> **WHAT IS EXPECTED**:
An exact copy is needed of the lines in the entries below from the line with "This piece is" up to and including the line with "Accendere il forno", and of nothing else. Leave the pictures out.

> **DATA FOR THE TASK**:
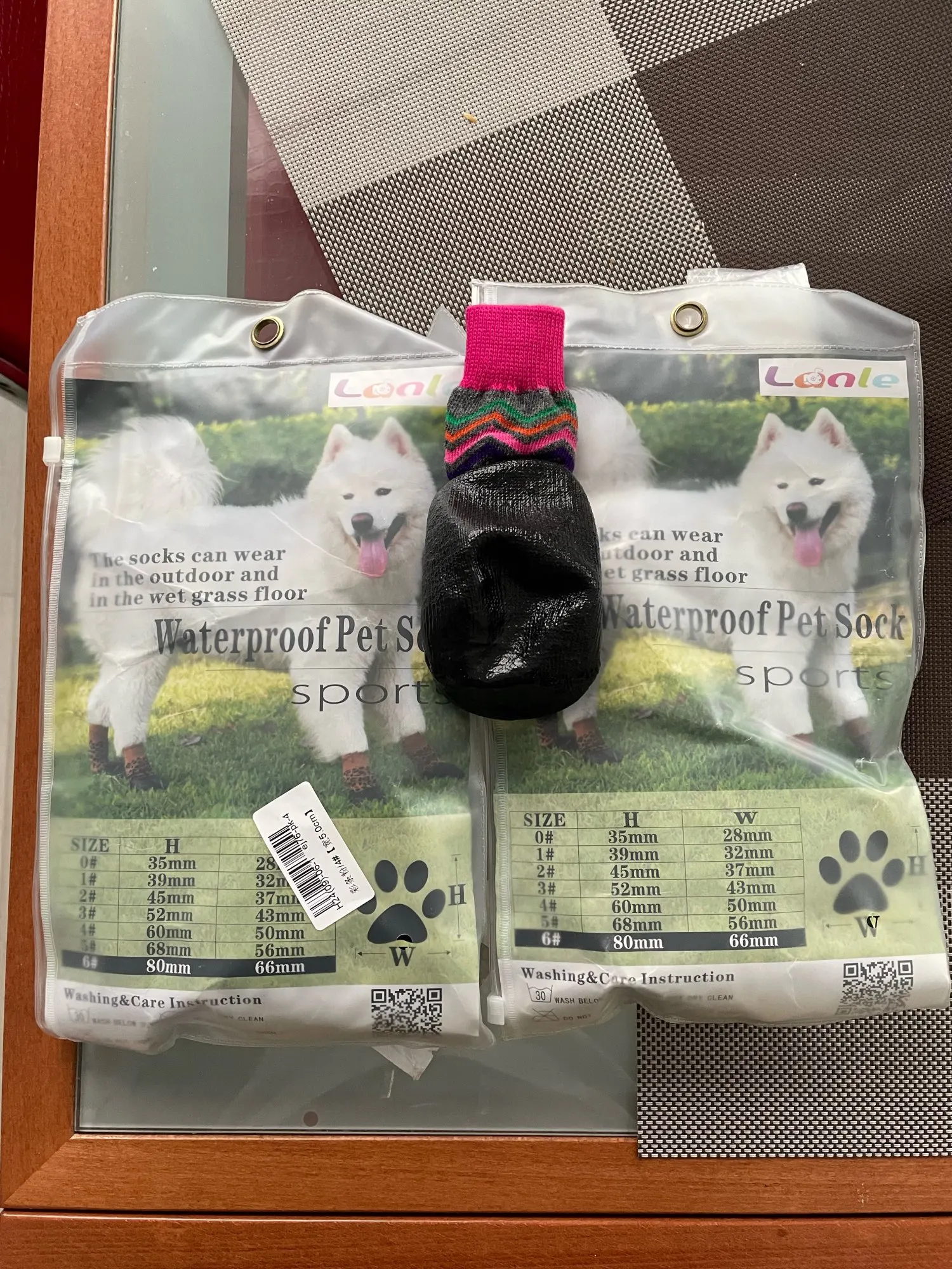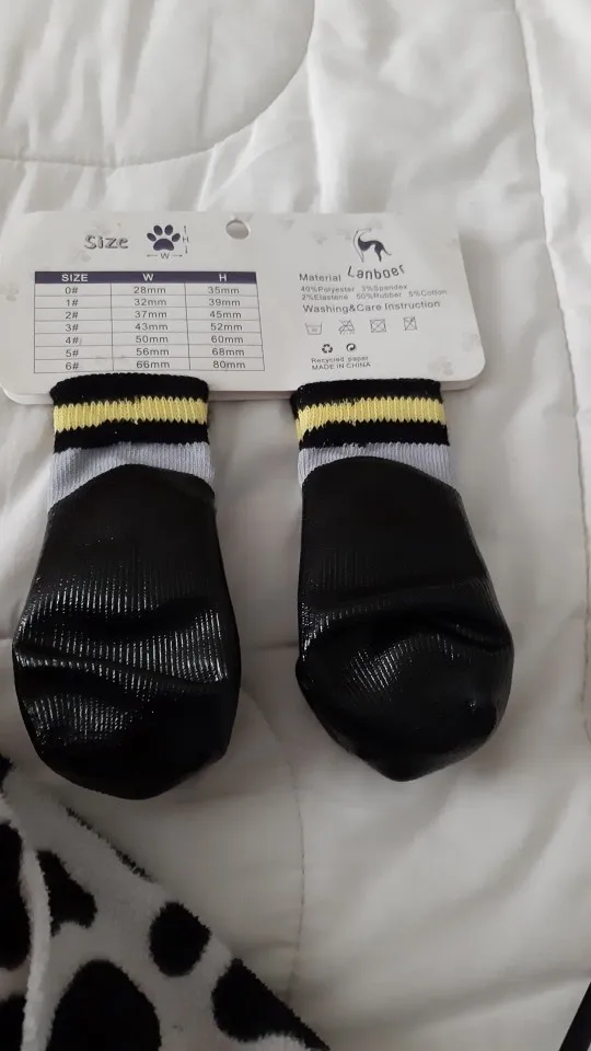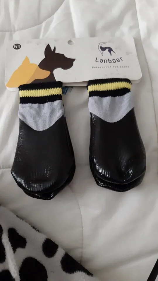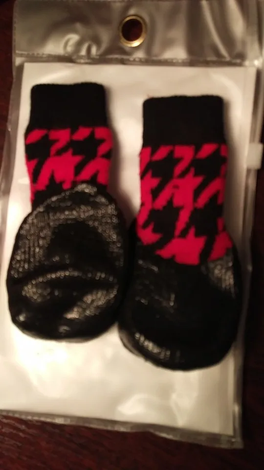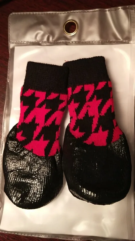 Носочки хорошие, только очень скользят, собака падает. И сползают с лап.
* * *
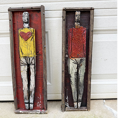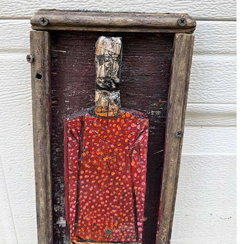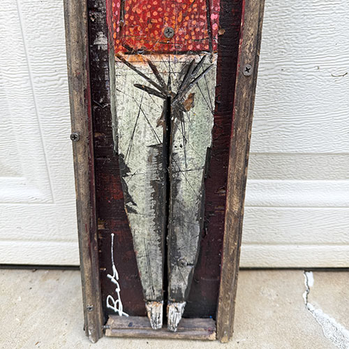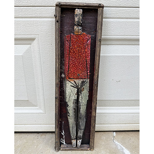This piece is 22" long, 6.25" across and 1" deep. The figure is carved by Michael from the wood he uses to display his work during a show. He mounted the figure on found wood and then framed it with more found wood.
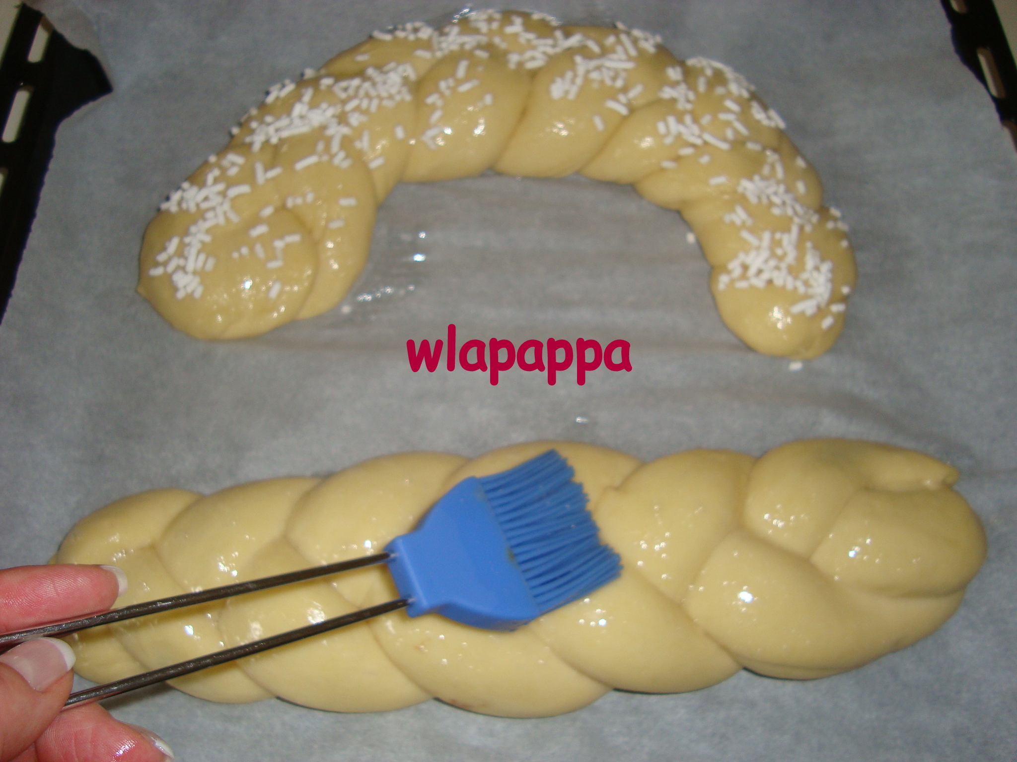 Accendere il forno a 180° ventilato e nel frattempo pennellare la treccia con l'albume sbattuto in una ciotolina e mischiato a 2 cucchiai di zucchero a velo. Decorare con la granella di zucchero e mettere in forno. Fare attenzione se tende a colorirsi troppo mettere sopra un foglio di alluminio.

> **THE COMPLETED TASK**:
This piece is 22" long, 6.25" across and 1" deep. The figure is carved by Michael from the wood he uses to display his work during a show. He mounted the figure on found wood and then framed it with more found wood.
 Accendere il forno a 180° ventilato e nel frattempo pennellare la treccia con l'albume sbattuto in una ciotolina e mischiato a 2 cucchiai di zucchero a velo. Decorare con la granella di zucchero e mettere in forno. Fare attenzione se tende a colorirsi troppo mettere sopra un foglio di alluminio.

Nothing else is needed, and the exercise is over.